The tips shared here are from this Reddit thread, which greatly helped us with improving our experience with CS 2 on our M1 Max MacBook.
We’ve tested many games over the years through Boot Camp, so we had a pretty good idea what to expect. Even though our 2017 MacBook Pro is now old and not very powerful by today’s standards, Counter Strike 2 actually run better on it compared to the M1 Max and that’s for the simple reason we were running the game directly in Windows, for which it is optimized.
CS 2 is a relatively undemanding game, so we bet it will run on even weaker or older Intel Macs when the Boot Camp method is used. However, we did need to spend a couple of hours and a good 150-160 gigs to install Windows and then install the game in the Windows partition, and now we have barely any space left on our Intel Mac.

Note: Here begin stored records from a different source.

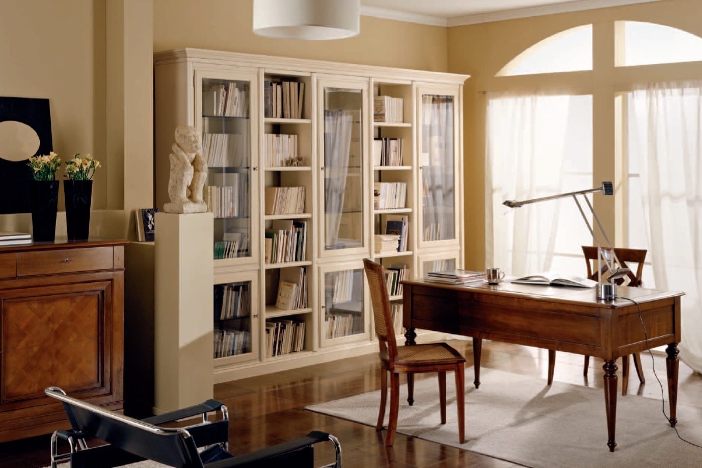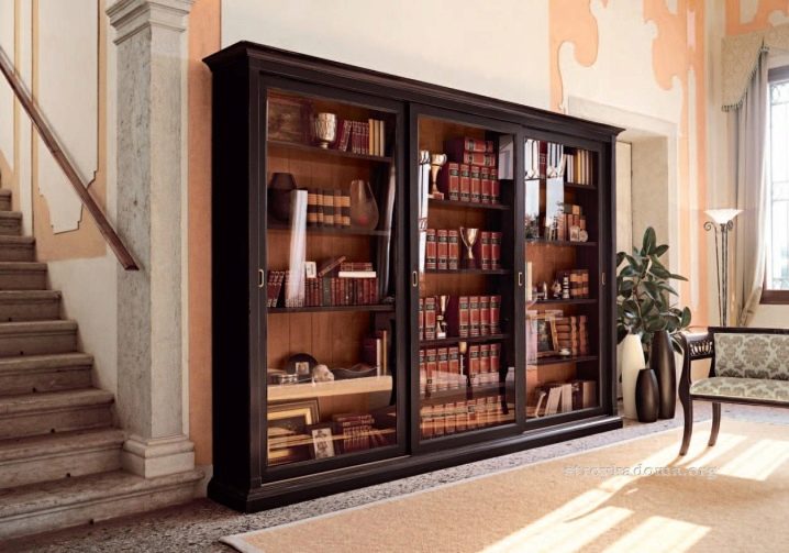 Almost all manufacturers of furniture have in their assortment a line of bookcases, among which there is a place for models with glazed doors. In catalogs, these products are often referred to as libraries, even if it is not a modular system for a couple of walls, but only a small pencil case or showcase. We are pleased with the variety of models that differ not only in price, but also in the quality of performance, the richness and variety of finishes, and the elegance of accessories.
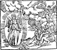 Description: The woman’s baby is saved from the beast upon his birth, and the dragon is defeated by angels.
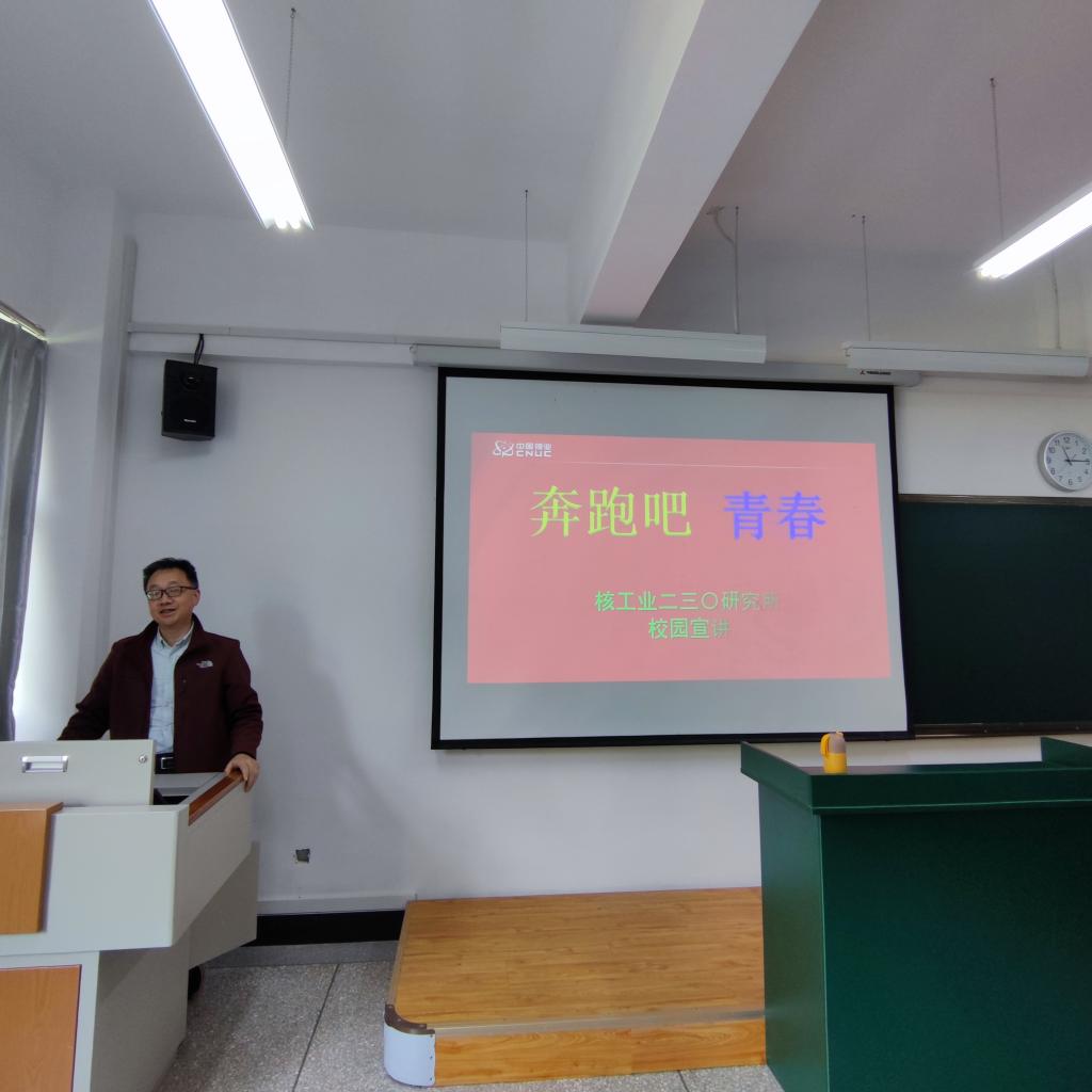 最后,核工业二三〇研究所的两位领导在教研室主任郎学伟老师的带领下深入班级进行企业介绍。
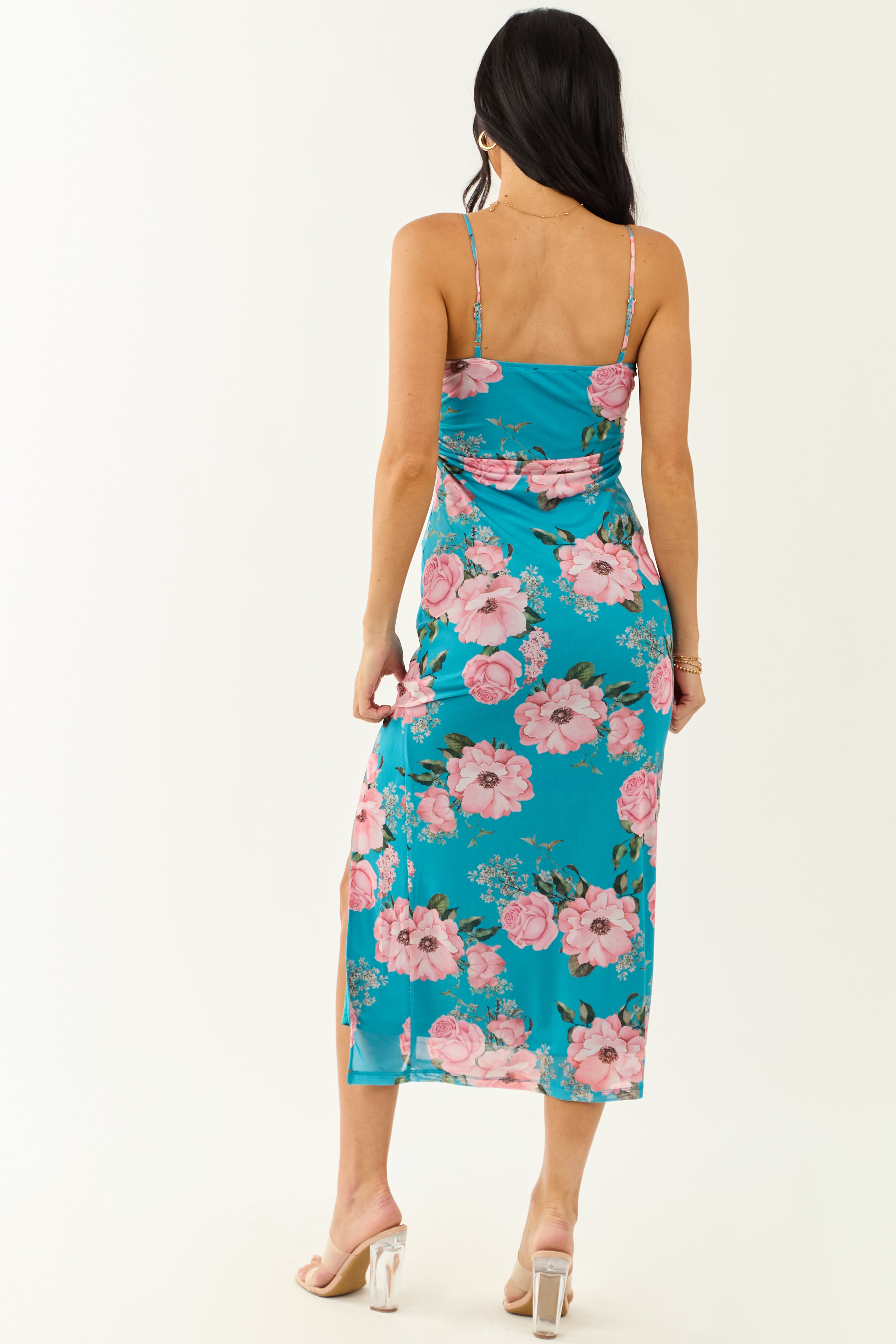 This floral mesh sleeveless midi dress in stunning shades of Azure, Carnation, and Ivory is a blend of bold blooms and breezy fabric. Designed for both sultriness and support, it features a very fitted bodice, adjustable spaghetti straps, ruched sides, a sweetheart neckline, a side hem slit, and a built-in wired bra for added comfort. Perfect for summer occasions, the dress is lined and made of 95% Polyester and 5% Spandex for a stretchy and flattering fit. Embrace elegance and comfort with this must-have piece . Please note that due to the unique fabric print, each item may vary slightly.
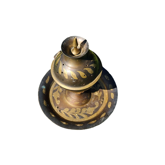 Old Brass Incense Stick Cone Burner Tripod Etched Design Indian Vintage
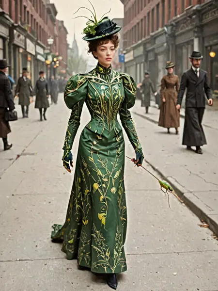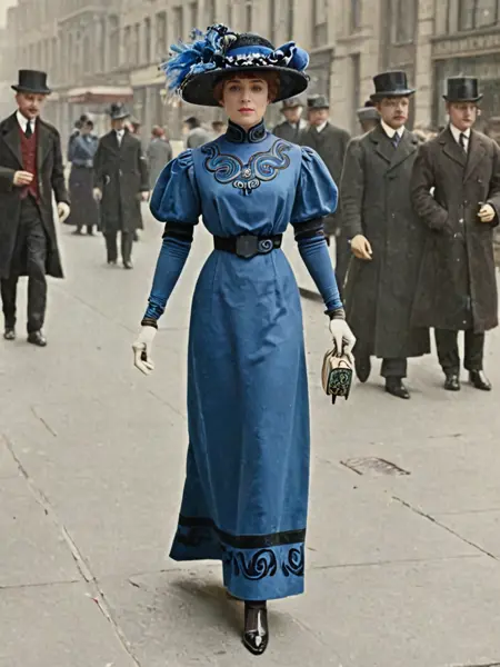 整个图像集作为一个LoRA进行训练,并为每个年代和时期设置了触发词。触发词:1880_dr3ss、1890_dr3ss、1900_dr3ss、1905_dr3ss、1910_dr3ss、Fortuny。将这一过渡时期女性时尚的完整历史尽在掌握。这是一个极其灵活的LoRA。您可以通过类似“1890_dr3ss 带瓢虫图案”的提示来创建全新的原创设计,超级有趣!
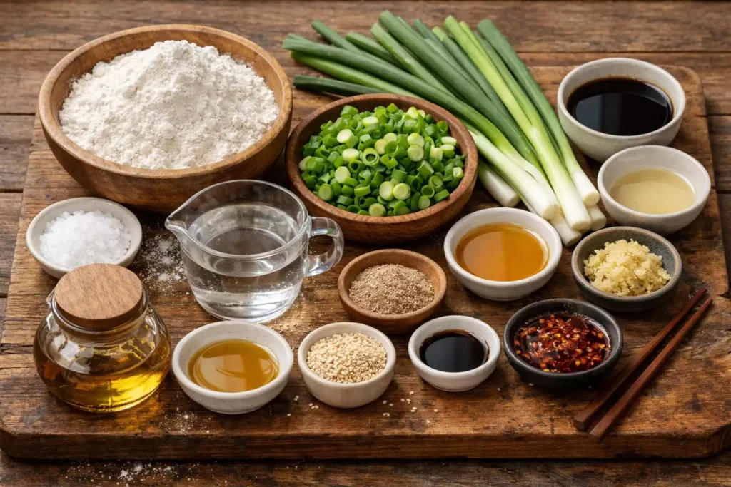 Oil is the flavor. Sesame oil in the layers is not background flavor — it is the primary flavor. Use good quality sesame oil. The scallions add fragrance; the sesame oil provides the deep, toasty richness that makes scallion pancakes taste like themselves.
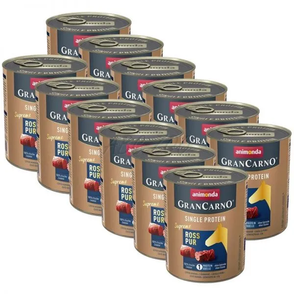 Animonda GranCarno Single Protein este o hrană la conservă, monoproteică cu carne de cal pentru câini adulți (1-6 ani) de toate rasele.
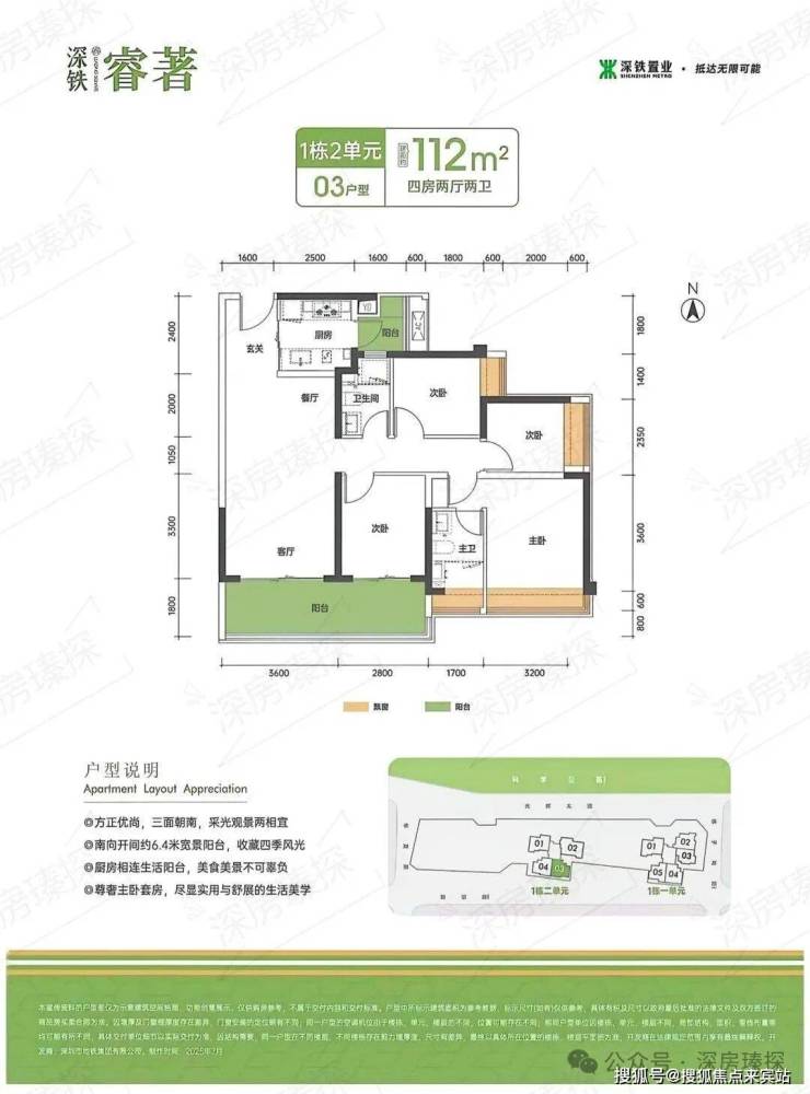 112㎡的4房2厅2卫,1栋2单元03户型,设计的是经典竖厅格局,进门入户玄关,客厅3.6米开间,餐客分离,餐厨一体设计,四开间朝南,主卧套房带阳台,分别做到了主卧13.68㎡/次卧7.91㎡/次卧7.1㎡/次卧6.54㎡(实测面积,去掉墙体),客厅连接次卧出11.52㎡的巨幕大阳台,U型厨房,卫生间干湿分离,得房率约:79.7%(不含赠送),阳台主朝东北向看科学公园。套内面积89.25㎡+赠送面积13.47㎡=实用面积102.72㎡,加上赠送后得房率约91.73%。
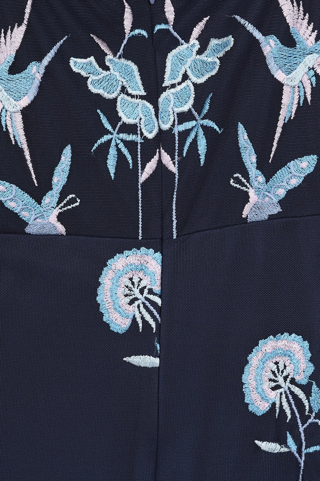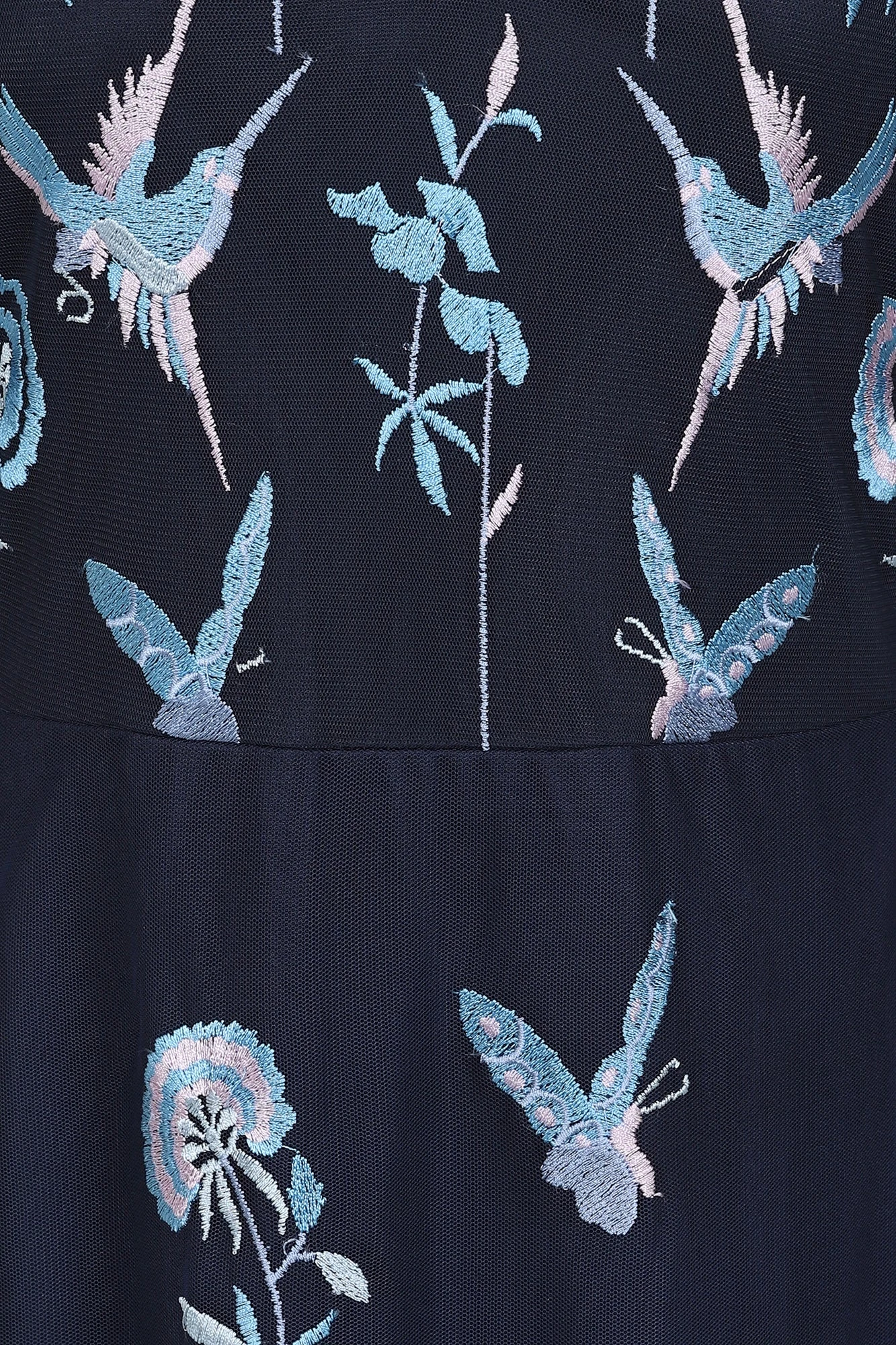 Introducing Einin! This striking navy dress is decorated throughout with beautiful embroidery of flowers and birds, stitched in tonal shades of blue and lilac. Maxi in length, Einin is complete with a v neckline, sheer mesh sleeves and an eye-catching cut out at back.
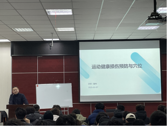 3月7日上午在体育馆多媒体教室进行了运动健康损伤与穴位的专题讲座。学院邀请校外专家晋伟老师主讲,2023级体育教育全体同学参与。
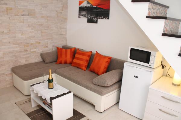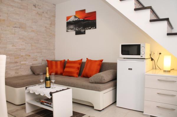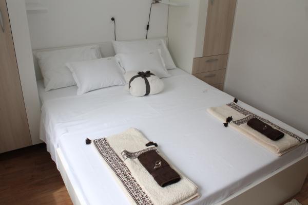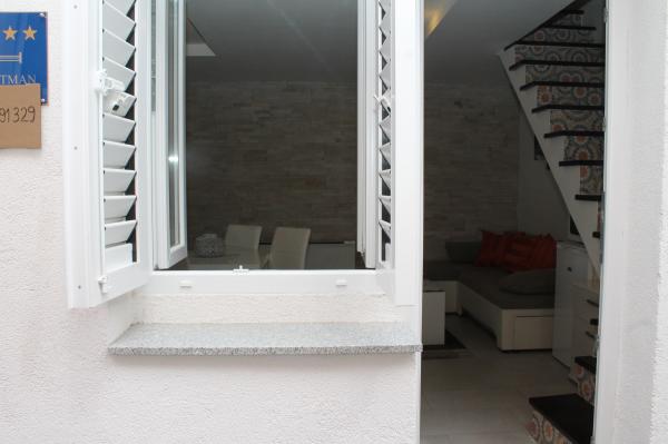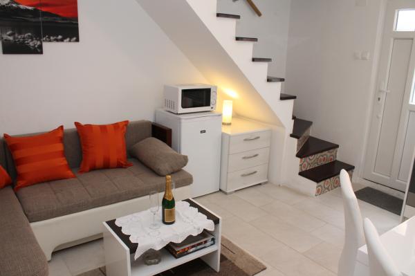 Nowocześnie wyposażone mieszkanie na dwóch kondygnacjach (dom jednorodzinny w rzędzie) z własnym tarasem na Starym Mieście w bardzo spokojnej okolicy i tylko 50 m od centrum, w pobliżu supermarketów, poczty, kantorów, kawiarni i restauracji. odległość od plaży 100 m. Na piętrze znajduje się sypialnia z łóżkiem małżeńskim 160x200 oraz łazienka, a na parterze salon z aneksem kuchennym oraz narożnik, który służy jako dodatkowe łóżko 160x200 . Mieszkanie jest w pełni wyposażone we wszystko do przyjemnego wypoczynku. Przed wejściem znajduje się taras o powierzchni 10 m2, który może służyć jako letnia jadalnia lub miejsce do wypoczynku. W domu obowiązuje zakaz palenia. Zwierzęta nie są akceptowane. Dla gości jest parking na jeden samochód 5 minut spacerem od apartamentu. Po wyjeździe gości apartament jest poddawany szczegółowej dezynfekcji, a także podejmowane są wszelkie środki w celu ochrony gości przed infekcjami. W razie potrzeby w pobliżu dostępna jest całodobowa pomoc medyczna.
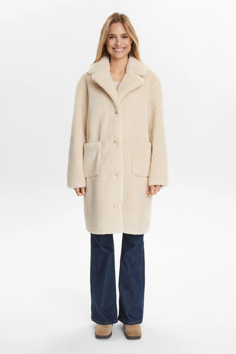 Un abrigo que abraza dos estilos en una sola prenda: la calidez envolvente del borreguito y la elegancia atemporal del ante suave.

Ultimately, not a bad option for older machines, but at this point it’s probably better to simply go the cloud gaming route.
Even if CS2 currently lacks macOS support, and we doubt this will change anytime soon, Counter Strike isn’t fully gone for Mac users and as we showed you on this page, there are still ways to enjoy it on an Apple machine. We admit that none of the methods we tried is perfect, yet they are still valid options to play the game on your Mac.
We personally liked the two cloud gaming methods the most because of how easy they are to use and also, since we aren’t the most hardcore Counter Strike players, the inevitable gameplay delay didn’t affect our experience too much.
CrossOver was a bit too finicky for our liking and the performance wasn’t anything to write home about even on our M1 Max MacBook. It will probably get better with future CrossOver updates, but for now we would personally skip it.
As for the always reliable Boot Camp, it once again didn’t disappoint us, even if our editor had to spend his entire Saturday afternoon setting it up. It’s a totally valid method for a non-demanding game such as CS 2, but we still recommend it only if you own a decently powerful Intel Mac with at least 16 gigs of RAM.